DATASET CONTENT:
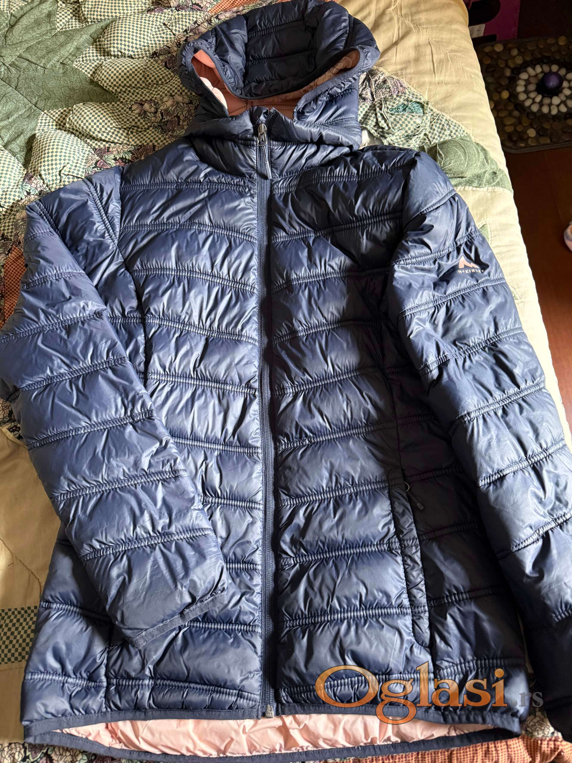 Ženska jakna McKinley broj 38, teget. Ramena 40 cm, dužina 70 cm, rukav, meren od pazuha 52. Obučena jedanput.
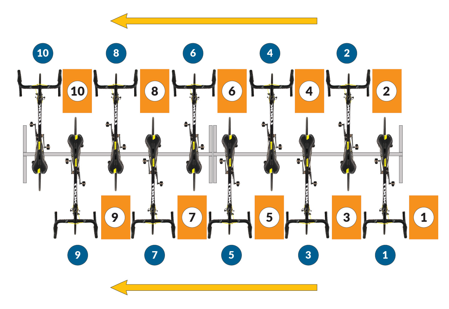 Racking is numbered with odd numbers on one side and even numbers on the other. For fairness, age-groups will be grouped together in transition.
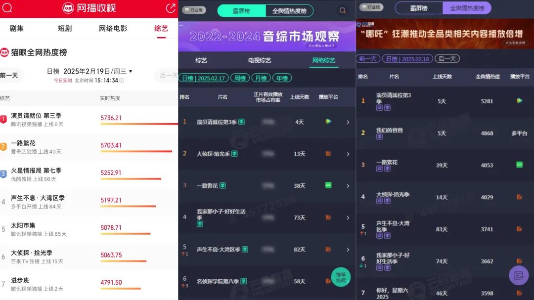 优酷《盒子里的猫2》也在此期间发布了预告,而按照爱奇艺早前发布的2月剧综片单,《种地吧3》预计同样是回归在即,再加上在播的《大侦探·拾光季》《斗笑社第三季》以及已定档的《妻子的浪漫旅行2025》,一场由平台王牌综N代领衔的大型生存赛已弥漫着刺鼻的硝烟味。

THE PROBLEM:
Write each line exactly as it appears, from the line that holds "Racking is numbered" through the closing line of the data above, and leave every picture out.

WRITTEN RESPONSE:
 Racking is numbered with odd numbers on one side and even numbers on the other. For fairness, age-groups will be grouped together in transition.
 优酷《盒子里的猫2》也在此期间发布了预告,而按照爱奇艺早前发布的2月剧综片单,《种地吧3》预计同样是回归在即,再加上在播的《大侦探·拾光季》《斗笑社第三季》以及已定档的《妻子的浪漫旅行2025》,一场由平台王牌综N代领衔的大型生存赛已弥漫着刺鼻的硝烟味。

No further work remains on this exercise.